Exercise instructions - Set down exactly the lines below between the line holding "Благодаря морозной погоде" and the line holding "seats, air conditioning", inclusive; no other line belongs in the answer.

Listed entries Start Marker

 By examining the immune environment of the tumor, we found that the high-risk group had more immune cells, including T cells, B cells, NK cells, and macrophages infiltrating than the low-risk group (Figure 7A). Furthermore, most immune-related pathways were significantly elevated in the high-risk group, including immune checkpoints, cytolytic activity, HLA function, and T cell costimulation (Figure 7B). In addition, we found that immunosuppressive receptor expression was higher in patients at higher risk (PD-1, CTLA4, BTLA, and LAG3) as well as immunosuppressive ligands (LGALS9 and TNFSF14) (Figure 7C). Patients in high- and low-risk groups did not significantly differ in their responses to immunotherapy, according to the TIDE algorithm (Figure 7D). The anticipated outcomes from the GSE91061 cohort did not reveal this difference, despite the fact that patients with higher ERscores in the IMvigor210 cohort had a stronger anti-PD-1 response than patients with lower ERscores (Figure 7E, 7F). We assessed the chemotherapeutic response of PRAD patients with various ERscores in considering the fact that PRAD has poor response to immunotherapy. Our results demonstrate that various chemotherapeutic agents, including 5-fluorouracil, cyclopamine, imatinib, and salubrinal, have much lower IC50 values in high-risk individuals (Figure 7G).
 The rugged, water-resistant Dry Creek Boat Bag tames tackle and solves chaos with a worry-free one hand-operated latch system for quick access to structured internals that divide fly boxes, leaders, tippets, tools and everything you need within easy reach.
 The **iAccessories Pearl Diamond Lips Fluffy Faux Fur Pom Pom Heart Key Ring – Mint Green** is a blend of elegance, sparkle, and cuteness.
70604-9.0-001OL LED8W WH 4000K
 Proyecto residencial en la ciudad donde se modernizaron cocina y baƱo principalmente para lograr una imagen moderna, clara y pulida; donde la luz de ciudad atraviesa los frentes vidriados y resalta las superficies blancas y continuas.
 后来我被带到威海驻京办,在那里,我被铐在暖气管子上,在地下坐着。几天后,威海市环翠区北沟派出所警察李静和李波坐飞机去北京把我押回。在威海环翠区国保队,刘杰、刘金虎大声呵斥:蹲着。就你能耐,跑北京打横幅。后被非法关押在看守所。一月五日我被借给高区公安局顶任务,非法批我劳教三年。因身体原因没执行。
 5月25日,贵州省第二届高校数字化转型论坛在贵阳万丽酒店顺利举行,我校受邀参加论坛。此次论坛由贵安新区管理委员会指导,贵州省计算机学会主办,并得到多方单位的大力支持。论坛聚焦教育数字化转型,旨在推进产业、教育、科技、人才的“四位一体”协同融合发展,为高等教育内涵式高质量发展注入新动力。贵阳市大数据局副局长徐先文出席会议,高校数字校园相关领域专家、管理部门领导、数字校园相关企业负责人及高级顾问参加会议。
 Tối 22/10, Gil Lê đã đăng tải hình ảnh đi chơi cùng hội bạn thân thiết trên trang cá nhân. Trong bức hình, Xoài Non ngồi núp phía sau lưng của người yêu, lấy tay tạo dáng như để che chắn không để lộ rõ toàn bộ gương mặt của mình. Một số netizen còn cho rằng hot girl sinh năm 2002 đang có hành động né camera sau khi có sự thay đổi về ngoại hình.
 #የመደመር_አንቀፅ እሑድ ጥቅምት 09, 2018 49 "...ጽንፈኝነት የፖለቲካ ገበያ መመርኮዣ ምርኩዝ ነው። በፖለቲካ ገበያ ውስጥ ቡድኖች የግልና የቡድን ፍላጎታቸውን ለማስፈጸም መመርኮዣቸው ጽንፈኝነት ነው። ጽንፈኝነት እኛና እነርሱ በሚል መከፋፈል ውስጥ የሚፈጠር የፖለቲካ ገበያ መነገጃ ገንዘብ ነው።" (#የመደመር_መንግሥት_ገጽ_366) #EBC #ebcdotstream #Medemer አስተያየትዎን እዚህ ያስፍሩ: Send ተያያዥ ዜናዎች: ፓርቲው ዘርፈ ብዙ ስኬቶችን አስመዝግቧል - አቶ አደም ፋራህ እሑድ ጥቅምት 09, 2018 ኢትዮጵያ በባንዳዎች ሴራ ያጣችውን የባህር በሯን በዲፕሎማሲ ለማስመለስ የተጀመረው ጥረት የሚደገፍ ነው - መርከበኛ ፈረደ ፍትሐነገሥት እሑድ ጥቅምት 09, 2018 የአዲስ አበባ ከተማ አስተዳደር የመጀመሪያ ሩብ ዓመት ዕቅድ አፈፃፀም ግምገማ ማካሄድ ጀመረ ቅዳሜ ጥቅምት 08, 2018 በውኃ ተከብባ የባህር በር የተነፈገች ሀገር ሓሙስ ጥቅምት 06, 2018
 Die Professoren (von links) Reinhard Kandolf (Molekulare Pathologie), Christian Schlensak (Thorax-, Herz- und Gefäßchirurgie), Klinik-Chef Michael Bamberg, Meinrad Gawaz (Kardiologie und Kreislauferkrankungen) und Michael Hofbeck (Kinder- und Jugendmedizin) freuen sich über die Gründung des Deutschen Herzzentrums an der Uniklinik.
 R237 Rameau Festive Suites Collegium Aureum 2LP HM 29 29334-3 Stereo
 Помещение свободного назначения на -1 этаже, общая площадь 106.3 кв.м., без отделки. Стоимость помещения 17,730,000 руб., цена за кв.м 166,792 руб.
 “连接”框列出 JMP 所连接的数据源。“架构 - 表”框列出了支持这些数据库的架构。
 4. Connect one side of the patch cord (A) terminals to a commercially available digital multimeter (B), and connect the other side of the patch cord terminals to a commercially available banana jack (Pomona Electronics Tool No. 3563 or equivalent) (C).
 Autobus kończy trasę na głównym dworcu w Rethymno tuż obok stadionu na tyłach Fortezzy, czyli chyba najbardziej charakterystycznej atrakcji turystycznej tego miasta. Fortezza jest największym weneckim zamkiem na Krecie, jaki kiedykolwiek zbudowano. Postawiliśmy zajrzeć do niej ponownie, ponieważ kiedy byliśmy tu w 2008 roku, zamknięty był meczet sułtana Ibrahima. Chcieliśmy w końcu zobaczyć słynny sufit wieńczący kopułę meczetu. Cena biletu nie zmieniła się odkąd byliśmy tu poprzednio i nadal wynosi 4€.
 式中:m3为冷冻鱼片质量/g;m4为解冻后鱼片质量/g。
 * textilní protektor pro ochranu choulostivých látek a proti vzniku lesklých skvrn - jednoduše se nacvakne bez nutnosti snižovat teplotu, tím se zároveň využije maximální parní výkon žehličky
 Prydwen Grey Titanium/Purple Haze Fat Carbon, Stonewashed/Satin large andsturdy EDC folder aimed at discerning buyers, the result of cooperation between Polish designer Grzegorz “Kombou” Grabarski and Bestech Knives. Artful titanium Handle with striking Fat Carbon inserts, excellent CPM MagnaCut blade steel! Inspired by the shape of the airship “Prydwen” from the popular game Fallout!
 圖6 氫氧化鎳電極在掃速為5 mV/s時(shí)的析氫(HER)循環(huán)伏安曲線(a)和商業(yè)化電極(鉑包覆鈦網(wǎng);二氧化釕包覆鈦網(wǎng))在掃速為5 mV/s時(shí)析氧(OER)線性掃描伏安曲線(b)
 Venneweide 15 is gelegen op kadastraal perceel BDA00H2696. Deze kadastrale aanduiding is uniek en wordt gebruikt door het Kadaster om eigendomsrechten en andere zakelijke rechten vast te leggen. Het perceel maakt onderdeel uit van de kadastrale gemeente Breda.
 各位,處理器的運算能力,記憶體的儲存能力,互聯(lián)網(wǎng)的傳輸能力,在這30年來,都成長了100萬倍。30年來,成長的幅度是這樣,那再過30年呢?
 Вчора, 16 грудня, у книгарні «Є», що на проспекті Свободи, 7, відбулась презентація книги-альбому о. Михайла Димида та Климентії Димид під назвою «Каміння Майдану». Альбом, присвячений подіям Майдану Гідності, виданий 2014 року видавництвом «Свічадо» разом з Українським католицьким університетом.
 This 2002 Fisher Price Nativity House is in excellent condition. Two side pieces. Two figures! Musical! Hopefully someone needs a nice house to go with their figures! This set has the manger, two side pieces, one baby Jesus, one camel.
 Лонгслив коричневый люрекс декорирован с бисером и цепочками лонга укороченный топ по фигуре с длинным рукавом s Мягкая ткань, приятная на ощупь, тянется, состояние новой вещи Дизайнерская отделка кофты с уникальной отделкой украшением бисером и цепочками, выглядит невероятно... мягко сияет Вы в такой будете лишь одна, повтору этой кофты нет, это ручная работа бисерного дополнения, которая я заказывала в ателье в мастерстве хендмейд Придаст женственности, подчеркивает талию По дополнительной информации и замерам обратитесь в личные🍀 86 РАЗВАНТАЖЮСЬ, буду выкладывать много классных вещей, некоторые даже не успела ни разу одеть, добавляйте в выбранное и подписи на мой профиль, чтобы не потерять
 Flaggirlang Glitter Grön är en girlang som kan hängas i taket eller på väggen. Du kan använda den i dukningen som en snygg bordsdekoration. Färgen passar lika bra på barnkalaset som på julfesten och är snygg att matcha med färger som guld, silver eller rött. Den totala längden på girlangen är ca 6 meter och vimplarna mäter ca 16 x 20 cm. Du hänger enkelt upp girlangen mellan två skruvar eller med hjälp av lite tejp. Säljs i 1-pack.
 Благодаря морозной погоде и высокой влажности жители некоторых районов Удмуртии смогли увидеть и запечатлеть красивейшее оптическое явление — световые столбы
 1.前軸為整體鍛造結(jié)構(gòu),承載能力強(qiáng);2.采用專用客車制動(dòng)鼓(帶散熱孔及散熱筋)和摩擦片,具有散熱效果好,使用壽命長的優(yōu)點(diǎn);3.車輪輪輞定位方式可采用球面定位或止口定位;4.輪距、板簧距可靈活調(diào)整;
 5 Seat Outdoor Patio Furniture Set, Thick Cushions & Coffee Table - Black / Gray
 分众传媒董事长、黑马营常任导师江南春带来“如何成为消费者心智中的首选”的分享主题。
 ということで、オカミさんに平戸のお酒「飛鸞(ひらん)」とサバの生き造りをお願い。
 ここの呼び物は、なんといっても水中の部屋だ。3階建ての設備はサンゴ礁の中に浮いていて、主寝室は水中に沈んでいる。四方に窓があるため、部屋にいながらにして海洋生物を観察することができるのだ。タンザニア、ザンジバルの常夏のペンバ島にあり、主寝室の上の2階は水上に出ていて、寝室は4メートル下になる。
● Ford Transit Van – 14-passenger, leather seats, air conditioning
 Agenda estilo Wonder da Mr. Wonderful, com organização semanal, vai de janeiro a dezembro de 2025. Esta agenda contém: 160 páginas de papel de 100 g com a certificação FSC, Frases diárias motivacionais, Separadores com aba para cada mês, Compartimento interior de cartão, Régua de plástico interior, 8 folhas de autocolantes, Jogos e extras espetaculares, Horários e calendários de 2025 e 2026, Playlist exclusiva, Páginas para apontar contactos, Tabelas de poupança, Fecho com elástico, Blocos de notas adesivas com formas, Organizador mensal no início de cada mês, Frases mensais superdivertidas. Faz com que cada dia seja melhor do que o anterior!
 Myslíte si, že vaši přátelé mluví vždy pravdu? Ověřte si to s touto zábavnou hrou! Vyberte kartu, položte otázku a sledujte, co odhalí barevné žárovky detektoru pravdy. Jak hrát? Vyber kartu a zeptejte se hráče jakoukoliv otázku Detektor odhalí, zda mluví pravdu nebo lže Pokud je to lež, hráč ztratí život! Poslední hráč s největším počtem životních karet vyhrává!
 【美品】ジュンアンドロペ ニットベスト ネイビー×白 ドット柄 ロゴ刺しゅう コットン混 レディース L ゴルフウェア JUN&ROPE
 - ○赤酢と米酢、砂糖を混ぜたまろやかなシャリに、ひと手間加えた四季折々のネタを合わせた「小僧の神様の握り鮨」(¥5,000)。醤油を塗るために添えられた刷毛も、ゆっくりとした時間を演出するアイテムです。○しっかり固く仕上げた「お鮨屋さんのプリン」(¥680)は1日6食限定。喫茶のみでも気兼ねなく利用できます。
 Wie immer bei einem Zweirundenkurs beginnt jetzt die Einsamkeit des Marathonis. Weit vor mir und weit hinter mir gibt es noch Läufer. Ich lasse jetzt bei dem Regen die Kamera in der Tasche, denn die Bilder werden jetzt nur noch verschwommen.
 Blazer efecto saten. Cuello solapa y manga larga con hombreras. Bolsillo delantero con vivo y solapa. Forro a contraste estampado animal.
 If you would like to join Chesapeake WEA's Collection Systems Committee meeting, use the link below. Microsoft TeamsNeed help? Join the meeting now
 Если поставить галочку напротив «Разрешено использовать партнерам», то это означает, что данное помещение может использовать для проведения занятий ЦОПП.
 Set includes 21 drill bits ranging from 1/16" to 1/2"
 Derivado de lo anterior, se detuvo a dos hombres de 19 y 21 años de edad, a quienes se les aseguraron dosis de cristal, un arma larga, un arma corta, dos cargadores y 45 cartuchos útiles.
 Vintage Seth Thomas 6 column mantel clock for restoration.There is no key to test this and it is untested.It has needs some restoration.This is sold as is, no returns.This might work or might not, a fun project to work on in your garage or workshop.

Listed entries End Marker

Written reply -
 Благодаря морозной погоде и высокой влажности жители некоторых районов Удмуртии смогли увидеть и запечатлеть красивейшее оптическое явление — световые столбы
 1.前軸為整體鍛造結(jié)構(gòu),承載能力強(qiáng);2.采用專用客車制動(dòng)鼓(帶散熱孔及散熱筋)和摩擦片,具有散熱效果好,使用壽命長的優(yōu)點(diǎn);3.車輪輪輞定位方式可采用球面定位或止口定位;4.輪距、板簧距可靈活調(diào)整;
 5 Seat Outdoor Patio Furniture Set, Thick Cushions & Coffee Table - Black / Gray
 分众传媒董事长、黑马营常任导师江南春带来“如何成为消费者心智中的首选”的分享主题。
 ということで、オカミさんに平戸のお酒「飛鸞(ひらん)」とサバの生き造りをお願い。
 ここの呼び物は、なんといっても水中の部屋だ。3階建ての設備はサンゴ礁の中に浮いていて、主寝室は水中に沈んでいる。四方に窓があるため、部屋にいながらにして海洋生物を観察することができるのだ。タンザニア、ザンジバルの常夏のペンバ島にあり、主寝室の上の2階は水上に出ていて、寝室は4メートル下になる。
● Ford Transit Van – 14-passenger, leather seats, air conditioning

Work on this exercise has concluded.